The group consider themselves ‘combatants’ opposed to their country’s leader, Joseph Kabila, who is located some 100 million miles away from the civilised environment they now forage in. They hate this leader, who is totally irrelevant to the country they now inhabit, and kidnapped two Congolese adults and three mud-shiner children back in April of 2013 just to prove it.
Judge Mark Dean revealed these Congo Clickers even dressed up in paramilitary gear to “silence” those fellow kaffirs who “offended their own political views” by living “peacefully and democratically.”
Through some linguistic miracle, Judge Dean managed to read out the names of the accused — three of them brothers — Kayembe Mwamba and Mbuyi Mutombo Mwamba, 31 respectively, Pierre Blaise Mwamba, 37, and Mulalaba Madjaga, 24. Their excuse for running like black bitches to the Jew-N and begging asylum was to supposedly escape persecution. They preferred somewhere where they could do the persecuting.
The judge laid some heavy White man’s words on them before the prosecution warned the findings would “reverberate” in the Congolese community. This was a PC way of saying that these savages would most likely gather up spears, smother themselves in war paint, and swarm through the city in a tribal frenzy. This is when he suggested that big White police chief meet with Congolese savages and make peace talk.
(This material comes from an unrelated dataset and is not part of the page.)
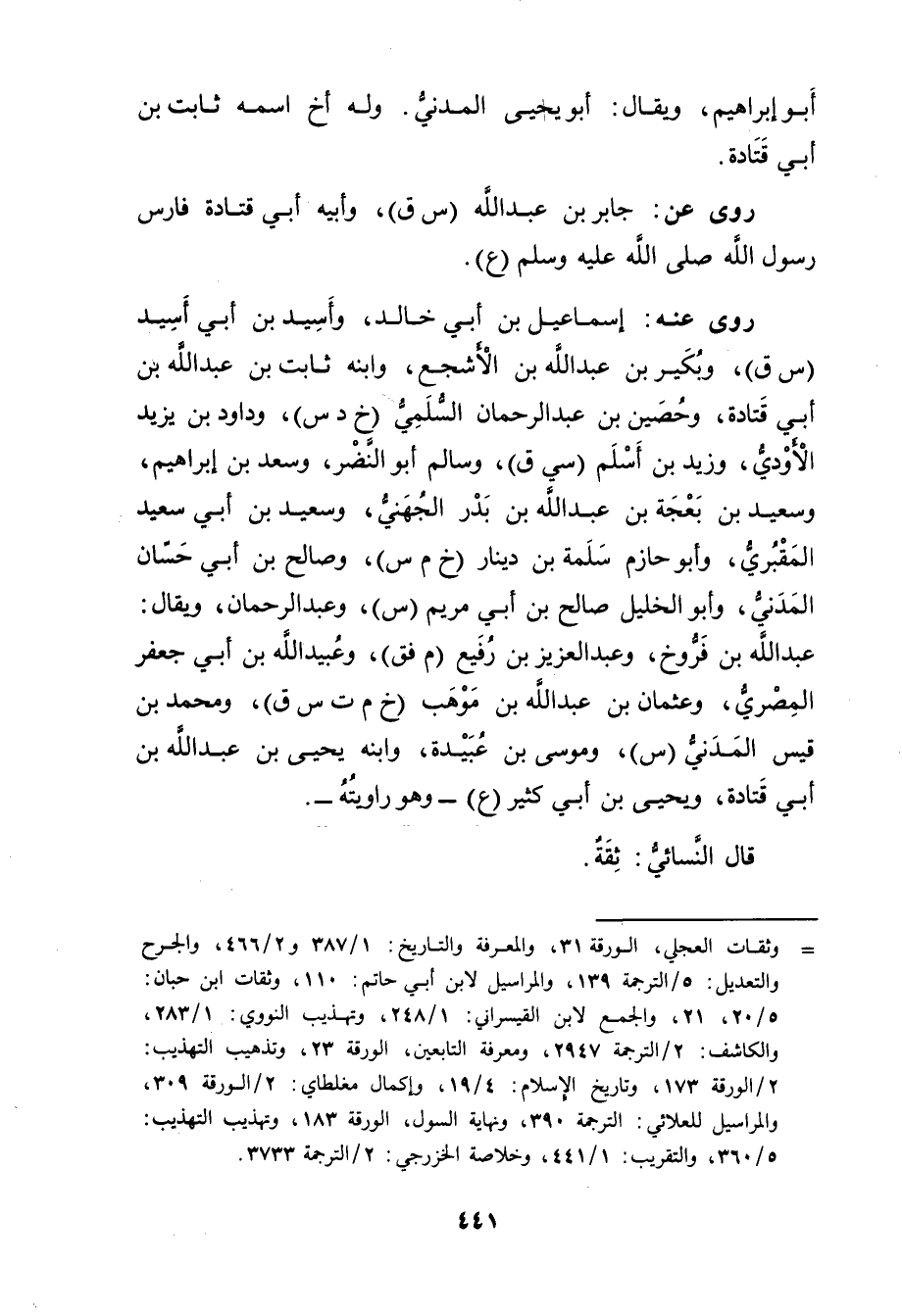 رَوَى عَن: جابر بْن عَبد الله (س ق) ، وأبيه أبي قتادة فارس رَسُول اللَّهِ صلى الله عليه وسَلَّمَ (ع) .

Worryingly, at least if you’re Congolese, the judge was unable to estimate how many more African’t militants there are, as plenty were in court whooping and chanting in support of their fellow warriors. In his own way, during his summary the Judge Dean basically admitted that diversity is short-hand for disaster when he said that the offences “struck at the heart of a civilised, democratic and pluralised society.”
Of course, it’s because that society is pluralised that they were able to strike at it in the first place. Denying the four Banjo Lips bail, he recommended using kid gloves with this community as it would likely go ape-shit.
Bizarrely, the jury were played a JewTube video clip posted by the group threatening visiting Congolese musicians with bad hurt if they were pro-Kabila. Entitled, “Congolese Australia Combatants Prohibit Congolese Music’ (lol) they made it clear that any mud minstrels not toeing the anti-government line will get tossed into a boiling pot pretty damned quick.
This triggered a video war with other Bongos from the Congo releasing videos encouraging more of their savage sort to head down under and ruin the joint.
Oh, and naturally the accused all dindunuffin and pleaded not guilty.